Replies are listed 'Best First'.
Re^2: RFC: Large Floating Point Numbers - Rounding Errors (expectations)
by tye (Sage) on Sep 09, 2011 at 18:06 UTC
    printf("%.­5f\n", sprintf("%­.6f1", $_))

    Sure. But that is worse in a lot of ways as well. What does it do to 0.0000346 ?

    But you can use that approach to at least very closely match (some) human expectations. It is mostly just your choice of "6" (or $n+1) that is at fault. A fairly reasonable thing to do would be more like:

    printf( "%.5f\n", sprintf("%.12e",$_) ) # ^^^

    Find an example that violates your expectations for that. I'll wait...

    The obvious one is, of course, 0.000034999999999999. But try this:

    % perl -le "print 0.00003499999999999999" 3.5e-05

    The above number is so very close to 0.000035 that Perl itself intentionally decides to display it as being exactly 0.000035. So, if that many '9's on the end doesn't violate your personal sense of perspective such that you don't mind that it gets rounded up to 0.00004, then I claim that it is your perspective when it comes to mundane computer performance that is to blame. It means that you expect your lowly computer to be able to weigh a large beach (one with 1000 volleyball courts) and not be off by a single grain of sand.

    Perl has this concept of "so close as to be displayed as equal" because without it you get things like sum( (0.01)x50 ) showing not as 0.5 but as 0.50000000000000022. So it is good, even important, to ignore the last several bits of floating point values when displaying them. (It is also good to do so when comparing them, but I'll just mention that can of worms without opening it.)

    So, why don't we just fix Perl's sprintf so 0.000034999999999999 rounds to 0.00004 ? Wait! Why should exactly 0.000035 (not floating point) round to 0.00004 ? It is exactly equally between 0.00003 and 0.00004. So either answer is equally appropriate. So always rounding such values up induces a small imbalance. That is why there is the superior "banker's rounding" where half of such values round up and half of such values round down. So, why don't we just fix Perl's sprintf so it uses banker's rounding?

    We don't need to:

    my %c; for my $i ( '00' .. '99' ) { my $f= 0 + ".${i}5"; my $r= sprintf "%.2f", $f; my $d= $r < $f ? '-' : '+'; $c{$d}++; print "$f $r $d\n"; } print "$c{'-'} rounded down, $c{'+'} rounded up.\n"; __END__ 0.005 0.01 + 0.015 0.01 - 0.025 0.03 + 0.035 0.04 + 0.045 0.04 - 0.055 0.06 + ... 0.905 0.91 + 0.915 0.92 + 0.925 0.93 + 0.935 0.94 + 0.945 0.94 - 0.955 0.95 - 0.965 0.96 - 0.975 0.97 - 0.985 0.98 - 0.995 0.99 - 50 rounded down, 50 rounded up.

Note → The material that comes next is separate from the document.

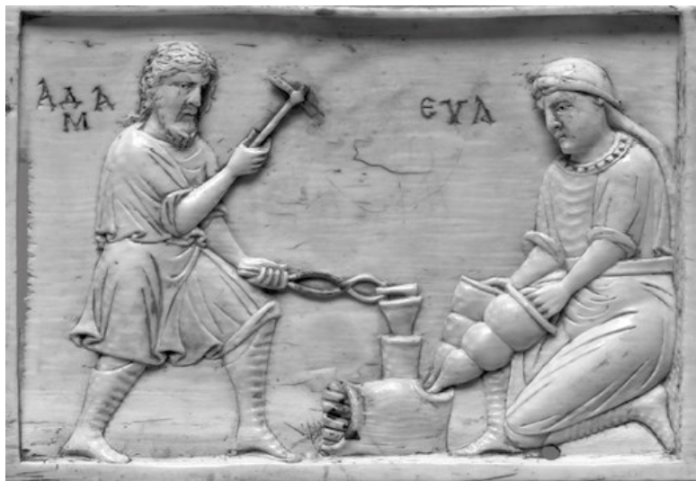
Адам и Ева

хочет от мужа тепла и нежности. Бог создает Еву из ребра Адама, потому что ребро расположено близко к плечам, которые означают силу, надежность, опору». Жена хочет чувствовать в своем супруге эту надежность и опору, чувствовать, что он ее укрепляет, что есть кто-то, с кем она может поделиться, кому выскажет свои проблемы, мучения и получит поддержку и силу.
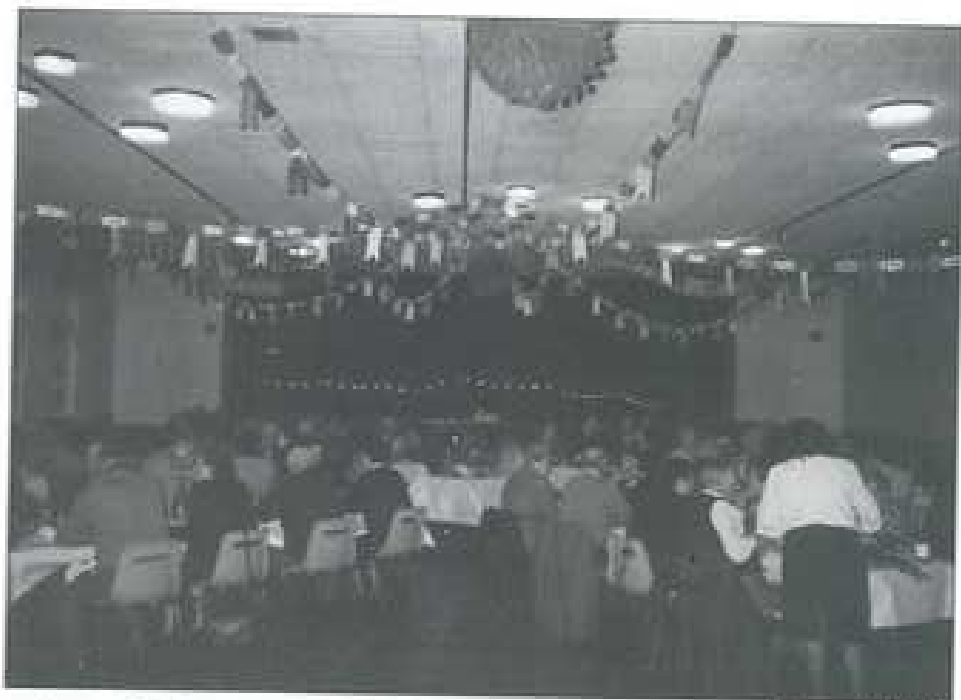
Repas de Noël

Notre déjeuner s'est déroulé dans une excellente ambiance à la satisfaction des 49 participants. Quelques amis souffrants manquaient malheureusement. La salle bien décorée et la qualité du repas servi avec gentillesse par notre

    So the real problem here is some people's naive expectations left over from 4th-grade math class, not Perl's more accurate and practical floating point behavior that it inherits from C.

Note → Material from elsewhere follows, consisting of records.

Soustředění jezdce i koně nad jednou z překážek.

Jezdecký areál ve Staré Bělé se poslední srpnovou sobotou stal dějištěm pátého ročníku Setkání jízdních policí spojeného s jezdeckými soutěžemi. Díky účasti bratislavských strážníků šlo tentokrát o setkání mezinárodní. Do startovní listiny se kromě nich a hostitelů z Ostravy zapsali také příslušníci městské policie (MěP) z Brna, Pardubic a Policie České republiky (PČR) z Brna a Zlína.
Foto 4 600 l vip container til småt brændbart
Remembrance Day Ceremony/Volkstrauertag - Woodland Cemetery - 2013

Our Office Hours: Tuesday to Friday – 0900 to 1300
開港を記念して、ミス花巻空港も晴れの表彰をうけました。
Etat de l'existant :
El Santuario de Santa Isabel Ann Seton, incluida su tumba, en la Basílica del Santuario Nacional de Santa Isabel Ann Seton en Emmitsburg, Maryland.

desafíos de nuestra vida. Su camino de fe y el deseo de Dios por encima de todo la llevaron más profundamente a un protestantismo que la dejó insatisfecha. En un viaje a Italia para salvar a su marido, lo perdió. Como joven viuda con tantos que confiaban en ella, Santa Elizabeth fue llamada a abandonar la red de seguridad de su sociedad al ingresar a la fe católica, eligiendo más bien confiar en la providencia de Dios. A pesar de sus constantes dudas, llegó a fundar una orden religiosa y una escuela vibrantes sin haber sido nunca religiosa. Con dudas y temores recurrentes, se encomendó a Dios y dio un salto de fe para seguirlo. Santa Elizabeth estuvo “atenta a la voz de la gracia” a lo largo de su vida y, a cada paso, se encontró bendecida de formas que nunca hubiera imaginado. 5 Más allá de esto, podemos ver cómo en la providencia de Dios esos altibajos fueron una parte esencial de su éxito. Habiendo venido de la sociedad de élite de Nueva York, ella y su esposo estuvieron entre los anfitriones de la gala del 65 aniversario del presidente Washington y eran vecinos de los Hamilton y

    Banker's rounding is fine when doing calculations with pencil and paper. Let's not slow down Perl to conform to naive or out-dated human expectations.

    P.S. Yes, I know that 0.000034999999999999 is not the same as 0.00003499­9999999999­99. If you didn't immediately notice the discrepancy, then I'm not surprised. The difference was intentional and, in the end, the similarity between the two seems so obvious that I decided to not even comment on it beyond this postscript.

    Update: The printf( "%.5f\n", sprintf("%­.12e",$_) ) code neglects to insert the '1' that compensates for numbers sometimes being converted to base-2 values ever so slightly smaller than the number that the string represents. s/e/1e/i would be a reasonable way to insert that '1' but that doesn't fit easily into a simple, single-expression example.

    - tye        

      I'll take your rant and raise you one...

      Flippant disregard for naïveté may be geek-chic, but I live in the real world. That is, while you really do make a valid point, those fourth grade expectations are common, and are consistent in an easily observable way. If I went and told my users that their expectations are merely naive, I would lose.

      ... shirt, respect, credibility and eventually job.

      The best answer noted elsewhere in this thread, is a hardware limitation. The SPARC architecture does not have a way to set the rounding mode for floating point operations. However, x86 Operating Systems (including recent MacOS, but still not Solaris) seems to have a way to reach into the floating point hardware to ask for a NEAR rounding mode. I can sell broken architecture as an excuse (since it is demonstrably true) far better than I can sell broken user expectations (which are not demonstrable at all).

      Or, I can cheat, use string_round(), and look like I got a bug fixed where nobody else could do it efficiently. I don't mind cheating, as long as it doesn't cause any real harm. This is such a case, since as BrowserUK dismissively notes above, all rounding is cosmetic anyway.

        I'll take your rant and raise you one...

        Rant? Well, if you want to read it that way, then I can't stop you.

        The best answer noted elsewhere in this thread, is a hardware limitation. The SPARC architecture does not have a way to set the rounding mode for floating point operations. However, x86 Operating Systems (including recent MacOS, but still not Solaris) seems to have a way to reach into the floating point hardware to ask for a NEAR rounding mode.

        Um, no. I already replied to that claim showing that a much simpler explanation is that the inconsistent rounding is simply a consequence of converting between base 10 and base 2 and that BrowserUk's results are more due to him computing 0.000035 through repeated additions.

        I'll be adding a reply shortly that clearly shows that I was correct on that point. The rounding mode makes absolutely no difference in how sprintf rounds 0.000035 and the rounding mode was already at NEAR anyway!

        Flippant disregard for naïveté may be geek-chic

        Yeah, again, if you want to read it that way, then I can't stop you. I actually tried to give a useful solution for meeting naive 4th-grade expectations:

        printf( "%.5f\n", sprintf("%­.12e",$_) )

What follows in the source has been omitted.